Dr. Peter Hallman
Austrian Research Institute for
Artificial Intelligence
Freyung 6/6
1010 Vienna, Austria
Email: peter.hallman@ofai.at
Who I am: I am a theoretical linguist at the Austrian Institute for Artificial Intelligence (OFAI) with specializations in syntax, semantics and morphology, and language area specializations in Arabic, German and English. View my full CV here.

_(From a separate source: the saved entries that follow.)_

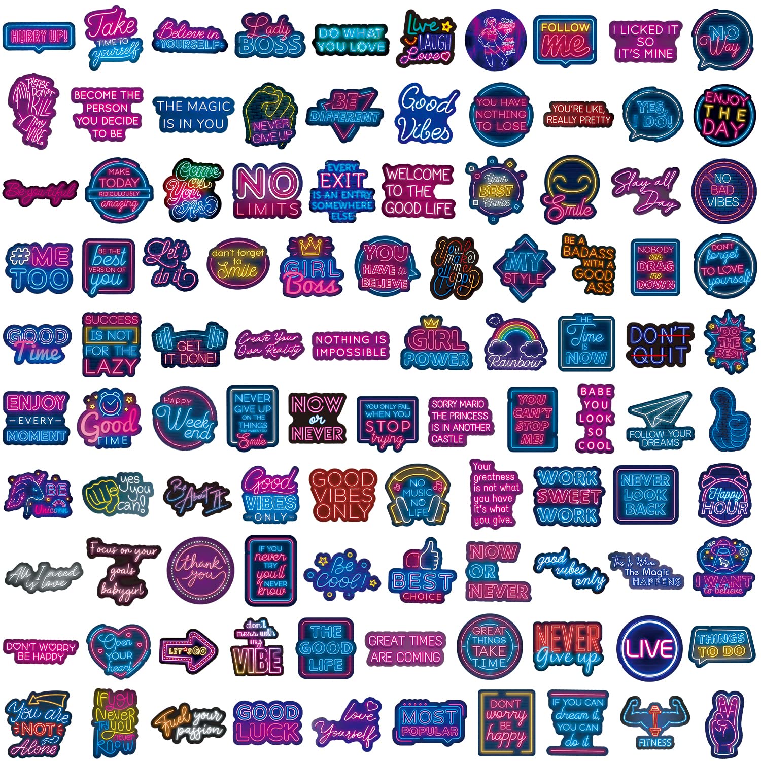 Unique Style: You will receive 100 sheets cool neon motivational stickers. Fun phrases stickers great for self motivation or encouraging others. Vibrant inspirational stickers bring a positive attitude to the surfaces of your living things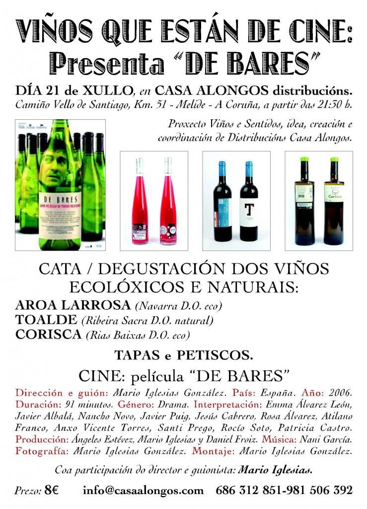 - Viños que están de cine : 2ª parte : DE BARES, con la película e intervenció nde su director Mario Iglesias y los vinos : Toalde ( Ribeira Sacra D.O.), Corisca ( Rias Baixas D.O. y Aroa Larrosa ( Navarra D.O) gastronomía artesanal de Triskel de Melide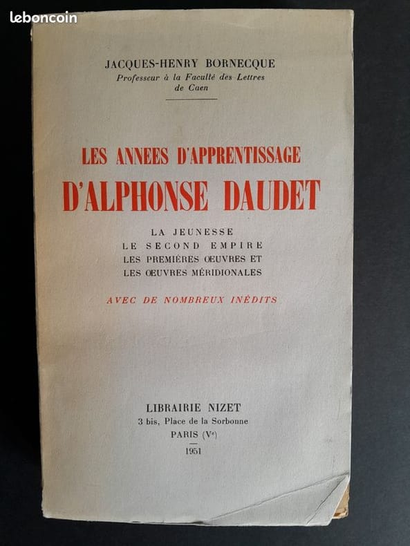 Tiré d'une thèse de doctorat ce travail est consacré à la jeunesse d'Alphonse Daudet. "Sans une vue exacte de cette jeunesse et de ses tentatives, le reste de la vie et de l'œuvre ne se peuvent bien comprendre". Voir sommaire sur photos jointes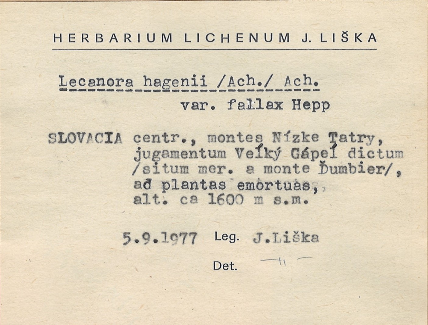 - Herbarium Lichenum J. Liška

What I do: Linguistics is the scientific study of human language. What most contemporary linguists mean by 'human language' is not so much particular languages themselves as the specialized ability humans have to speak a language, which appears to be unique to our species (no non-humans speak, for example, Spanish) and universal to our species (every human speaks one or another language). Linguists have discovered and documented substantial grammatical similarities among the human languages (for some examples, see the Universals Archive at the University of Konstanz with over 2000 entries). These similarities among unrelated languages point to an explanation for the uniqueness and universality of human language: certain grammatical principles are innate knowledge, encoded in our genome, and drawn on by young children as they develop the ability to speak a human language. The idea that some abstract grammatical knowledge is innate explains both why languages do not differ from one another substantially (though superficial differences might make it look like they do) as well as why children learn language so quickly and accurately, well before they can do seemlingly simpler things like tying their shoes. This innate abstract grammatical knowledge is commonly referred to as 'Universal Grammar'. Linguists who study Universal Grammar explore its content by comparing grammatical structures in different languages, on the assumption that deep similarities among historically unrelated languages reveal the innate cognitive principles that make up Universal Grammar. My own research in this area has focused on cross-linguistic uniformity in degree constructions, tense, quantifier interpretation, argument structure and possession (see project descriptions under 'research' to the left).